By Monia Ghanmi
Seventy-eight per cent of Tunisians fear salafists’ growing sway and say that extremists pose a danger to Tunisians’ personal freedoms, especially freedom of belief, according to a poll released on Sunday (September 30th).
To reach the conclusions, online research centre Tunisie Sondage interviewed 2,570 Tunisians from different social categories. Eighty-eight per cent of respondents said that salafists threaten freedom of expression in the country.
The results came amid multiplying acts of violence by Islamist extremists, the latest of which was the September 14th attack on the US embassy in Tunis.
“All that those people want is to impose a medieval pattern of life using violence and coercion on a modern society that rejects violence and extremism,” Slimane Mahmoudi said.
Eighty-seven per cent are worried about their country’s future if the government does not rein in radical groups. They said that Tunisia’s political life would be controlled by salafists if their violent acts were not contained.
Respondents accused the current government of not being firm in dealing with salafists’ violations, with 55% saying that acts of violence tarnish Tunisia’s image overseas.
“The government hasn’t taken the necessary steps to put an end to this scourge; something that enhanced their [i.e. salafists] human capabilities and encouraged them to increase their violent activities in a society clinging to moderate and enlightened Islam,” according to 82% of survey participants.
Ibtissem Mkaouer demanded that the government protect Tunisians’ security and enforce the law.
“It also depend on the Tunisian people to stand like a bulwark in the face of this attack which is led by those extremists with their obscurantist thoughts against the gains of modernity that all Tunisians are proud of,” she said.
Government officials, however, also express concern over salafists’ audacity.
“Before we thought it was a minority and they have very few people and they are not dangerous. But now we realise that they are very, very dangerous,” President Moncef Marzouki said on September 23rd in New York.
“Our police estimate there are just 3,000 of these salafists in the country of 10 million,” he said. “There was a lack of security measures. We didn’t expect those people to be so violent. Now it is a signal that we have to stop the phenomena because otherwise they are harming the image of the country,”
Prime Minister Hamadi Jebali acknowledged in an interview with a state-run TV station last Friday that Tunisian society was threatened by violent and extremist groups and pledged to fully confront all types of violence targeting citizens.

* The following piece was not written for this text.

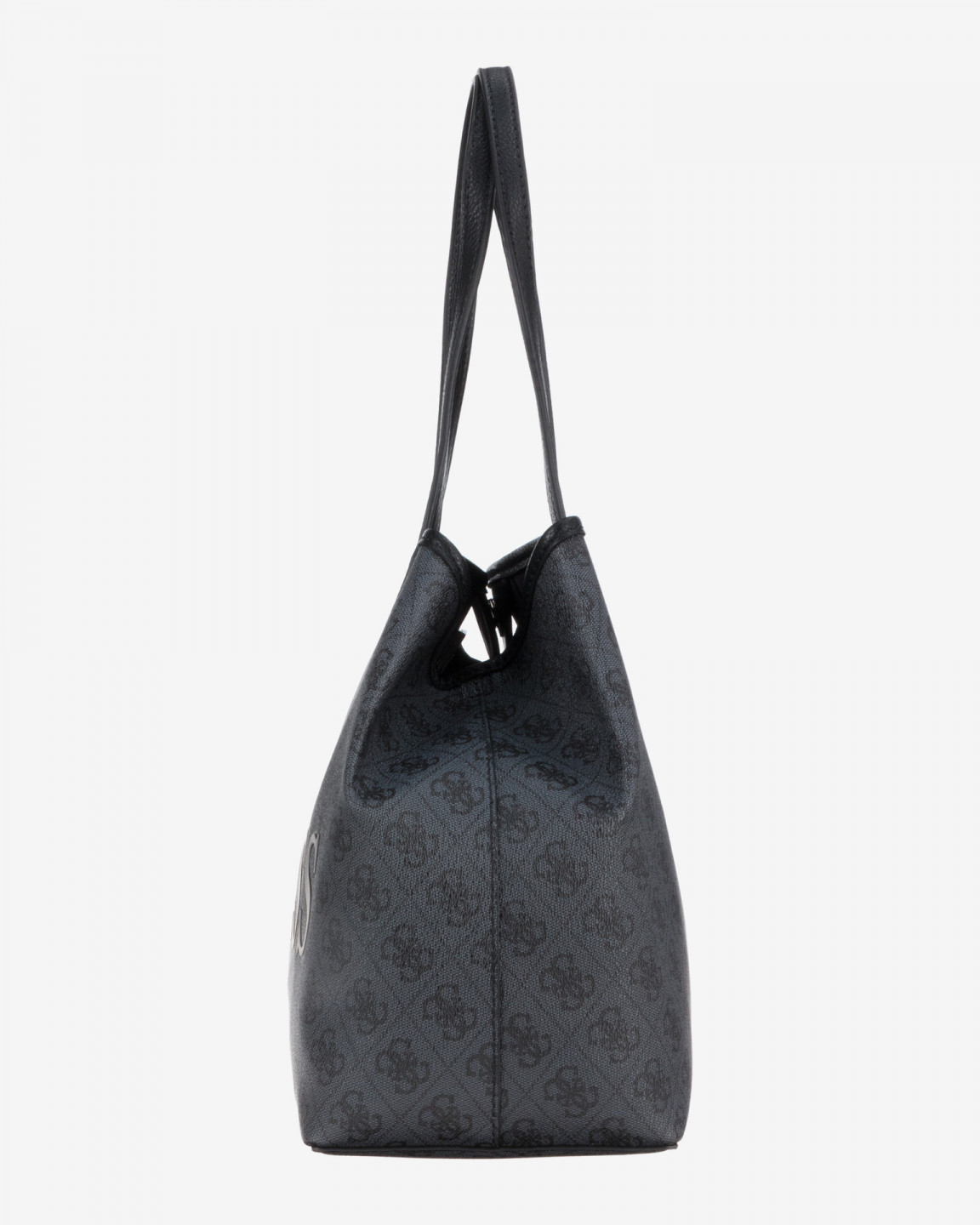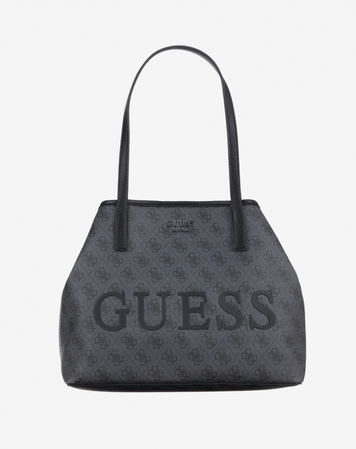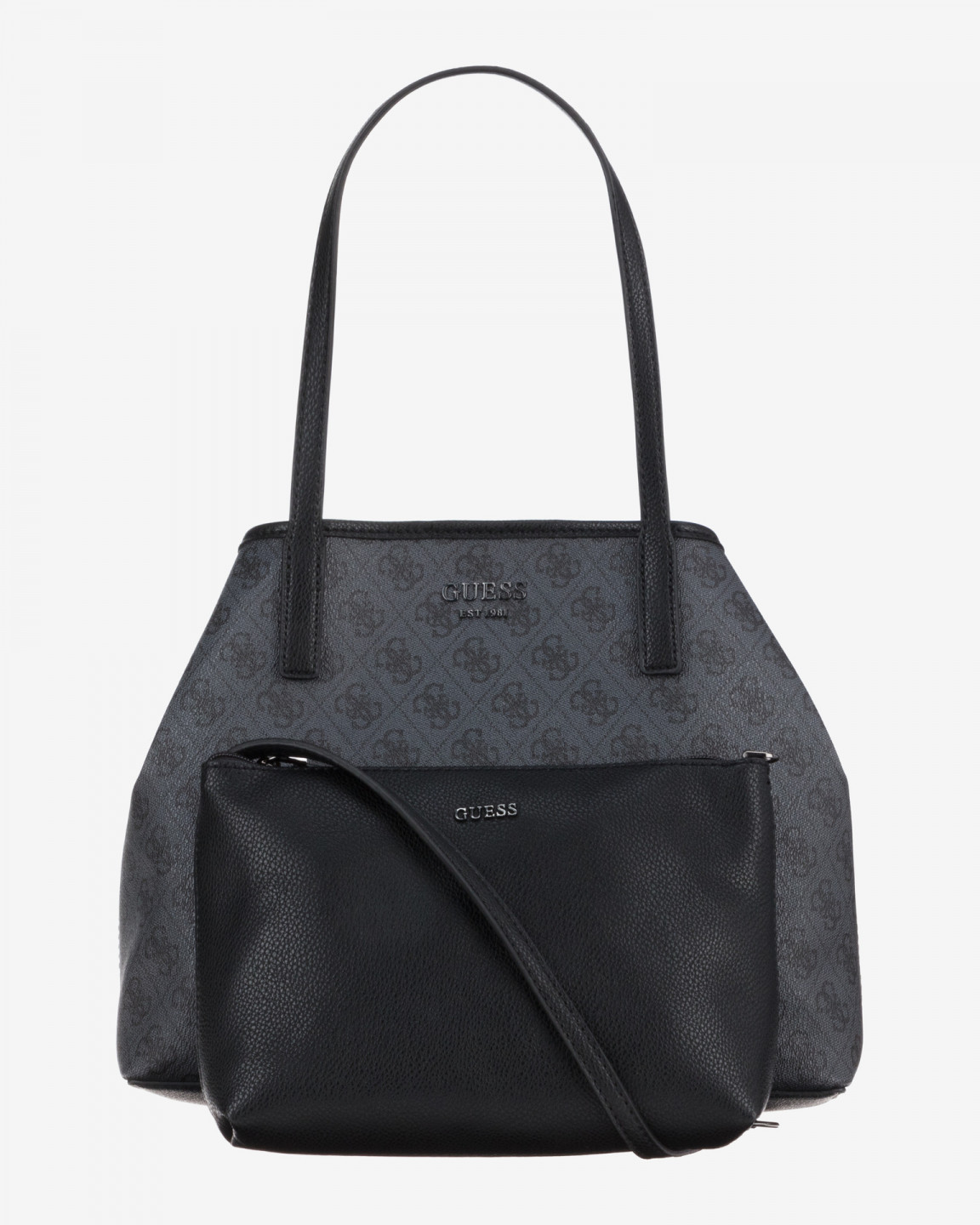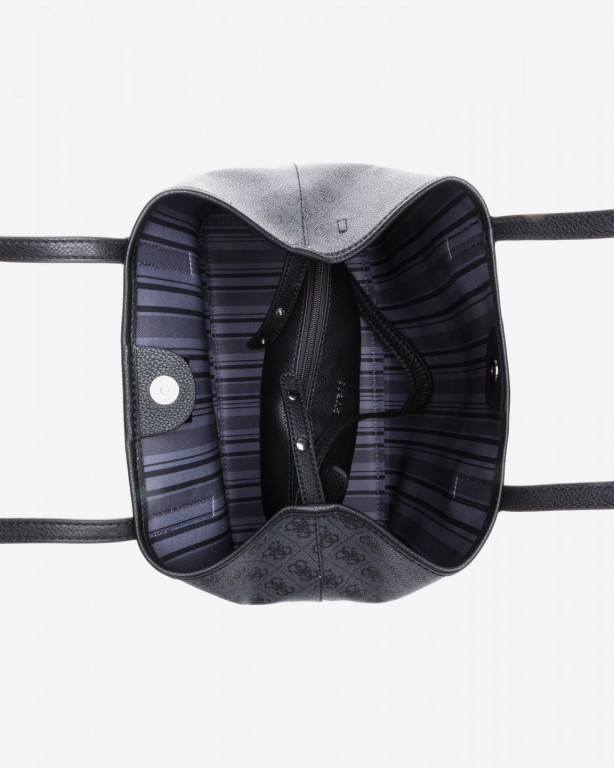 Elegantní černá kabelka značky GUESS ke všem příležitostem. Kabelku je možno nosit v ruce i přes rameno a uzavírá se pomocí magnetky. Je opatřena 2 rukojeti. Uvnitř kabelky se nachází velká kapse. Kabelka obsahuje malou kabelku, kterou lze využít jako samostatnou kabelku. Kabelku zdobí po celé své délce znaky GUESS a přední stranu zdobí černé kovové logo GUESS.

In his turn, Ennahda leader Rachid Ghannouchi condemned the extremists’ attack on the US embassy. He said, “Those people don’t pose a threat to Ennahda alone, but also to public freedoms in the country and its security. Therefore, everyone must counter them through legal means.”
According to political analyst Noureddine Mbarki, salafists benefit from their “public presence” to gain influence without “partaking in the political process”.
“This was shown through the salafists’ control of many mosques, their participation in the battle over niqab at the Tunisian university, and their social activities in many poor districts and impoverished internal areas,” the analyst explained.